Sunday, August 7, 2011

The only person I loved died a while back; how do I get over the grief?

A couple of years ago I lost the only person I ever loved romantically, and I can not get over it completely. I never loved or liked anyone before this person. I was going to tell him how I felt about him, but he passed away suddenly, and I have been grieving over this whole thing. Crying, sad dreams, I have let myself go physically, and I am a bit more reclusive. Sometimes I can go months without even thinking about this whole ordeal, then something will remind me of that person, and I am back to grief, and it hurts so bad, I have never felt pain like this. I know this person loved me, but I at least wanted to tell him how I felt before he died - for myself, and now he is gone and I will never get that chance.

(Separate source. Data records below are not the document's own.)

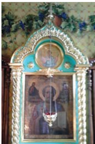
Икона Святителя Николая Мирликийского, написанная в память 25-летия битвы уральских казаков под Иканом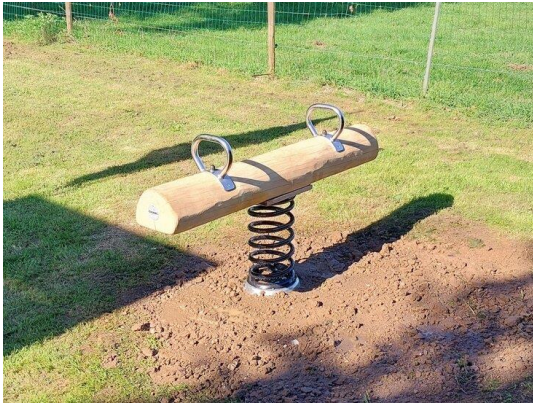
Wipwap €1.522,- incl plaatsen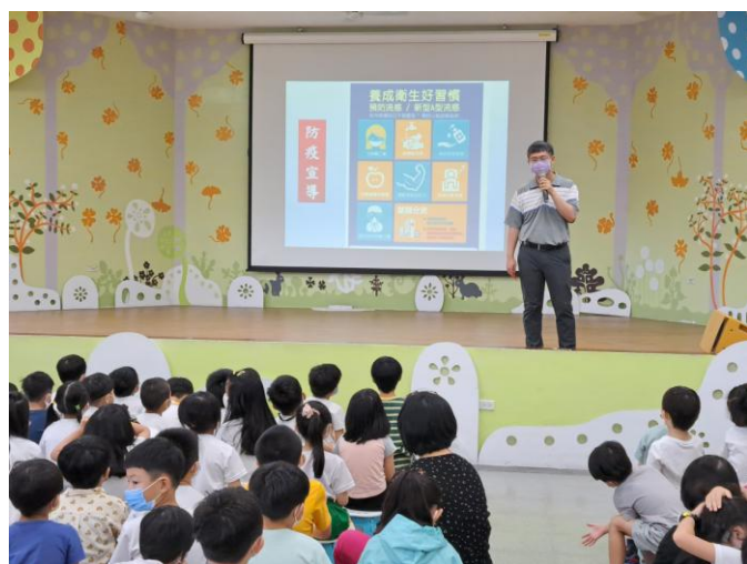
照片說明：防疫宣導，養成衛生好習慣。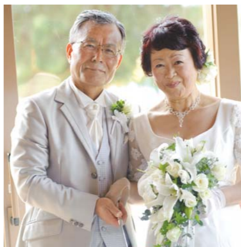
アニバーサリー婚のイメージ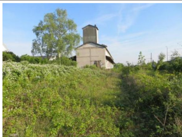
Abb. 2a: Gebüchssukzession mit artenarmem Brombeerbestand 2014.

Empfindlich gegenüber: Schadstoffeinträgen, Veränderungen des Wasserhaushaltes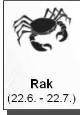
Rak (22.6. - 22.7.)

Pokoj šíriaci sa okolo vás využite na dokončenie rozrobených prác (ženských aj mužských) v domácnostiach a záhradách. Budete sa venovať zveľadovaniu okolia a miesta, v ktorom žijete a tým viac prispejete k svojej pohode. Naskočili ste a nabehli na určité životné tempo, ktoré sa vám začína páčiť a vychutnávať si všetko, čo do dní prichádza. Usídlil sa vo vás pokoj a harmónia, ktoré sú pre túto dobu vzácne. Týždeň v znamení zveľadovania a dotvárania.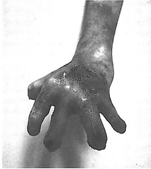
FIG. 5. Aspecto físico de la mano izquierda intervenida después de 15 días de tratamiento fisioterapéutico.

jar pasivamente con ellos, realizando movilizaciones de las diferentes articulaciones o cualquier otra maniobra, hay que tener en cuenta este hecho, ya que el roce continuado de nuestras manos sobre su piel va a estimular, con toda seguridad, la aparición de una ampolla, la cual, a su vez, nos va a impedir, en sesiones posteriores, continuar con el tratamiento en ese mismo lugar.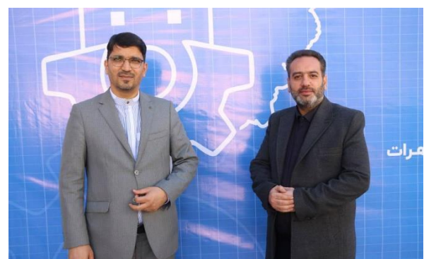
چهارمین رویداد آموزشی کیان گستر با همکاری مرکز فرهنگی جمهوری اسلامی ایران در هرات برگزار شد.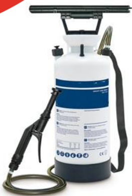
Pjenjenje – Art.Br. U-31.01040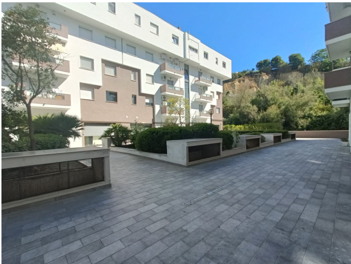
Fabbricato sito in Pescara alla Via di Sotto nn.10-12-14-16-18-20 insistente su terreno distinto al Foglio n.11 Particella n.1936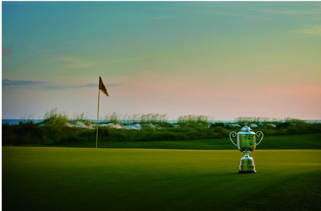
第103届PGA锦标赛沃纳梅克杯掠影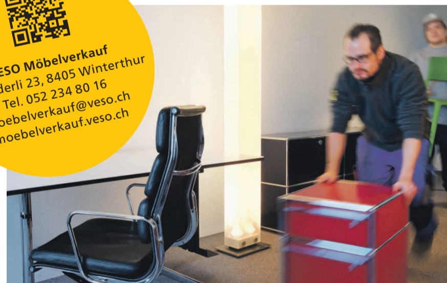
Showroom des VESO Möbelverkaufs, Im Hölderli 23, 8405 Winterthur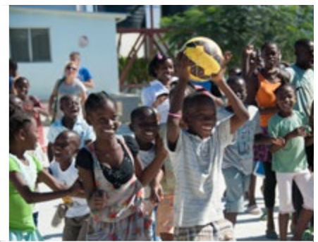
HAITÍ (Desde 1987)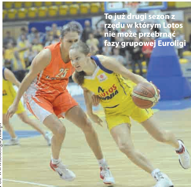
To już drugi sezon z rzędu w którym Lotos nie może przebrnąć fazy grupowej Euroligi

przedzić drużynom, które są zaraz za nimi w ligowej tabeli. Dzisiejsze spotkanie z Galatasaray Stambuł (początek godzina 17.30) będzie niezwykle trudne. W składzie rywalów aż roi się od gwiazd światowego formatu. Najlepsza koszykarka świata – Dia-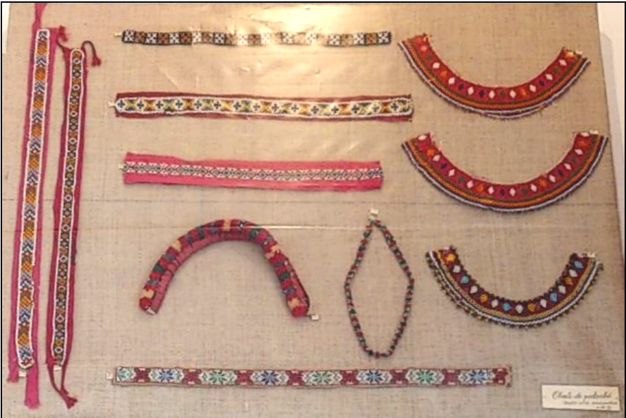
Fig. 18. Obiecte de podoabă (bentițe, zgărdițe, gherdane, gățari)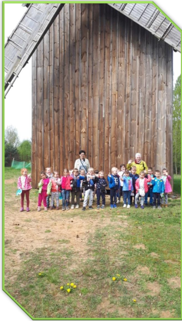
Drewniany młyn, w którym dawniej mielono zboże na mąkę.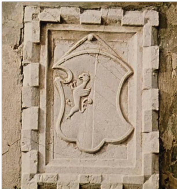
Slika 3: Grb družine Petronio.

dokumentih, ki zadevajo mestno skupnost, se omenjajo prisotne osebe, pooblaščenci in mestni funkcionarji. Tudi tu so osebe označene s priimki/vzdevki ter imenom očeta ter občasno drugega sorodstva (brata ali bratov), iz katerih je možno ugotoviti pomembnejše moške člane družine in sorodstvene povezave med njimi.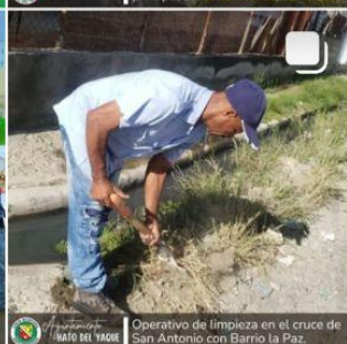
Operativo de limpieza en el cruce de San Antonio con Barrio La Paz.

Someone told me I can tell him now, in spirit, but it is not good enough. I tried talking about it with a therapist, but it only makes it worse. So I have just suppressed it, and I try not to think about it. That works for a few months, but at some point I am back to being sad, my emotions are very uncontrollable now, I was never like this before. I never loved anyone before this guy, and I don't find anyone attractive after him either, I never cared about being in a relationship or anything before him, so it cuts very deep. What do I do? Please do not say "get over it" or "move on", trust me, I've tried. Please be more specific in how I can move on if you have any advice.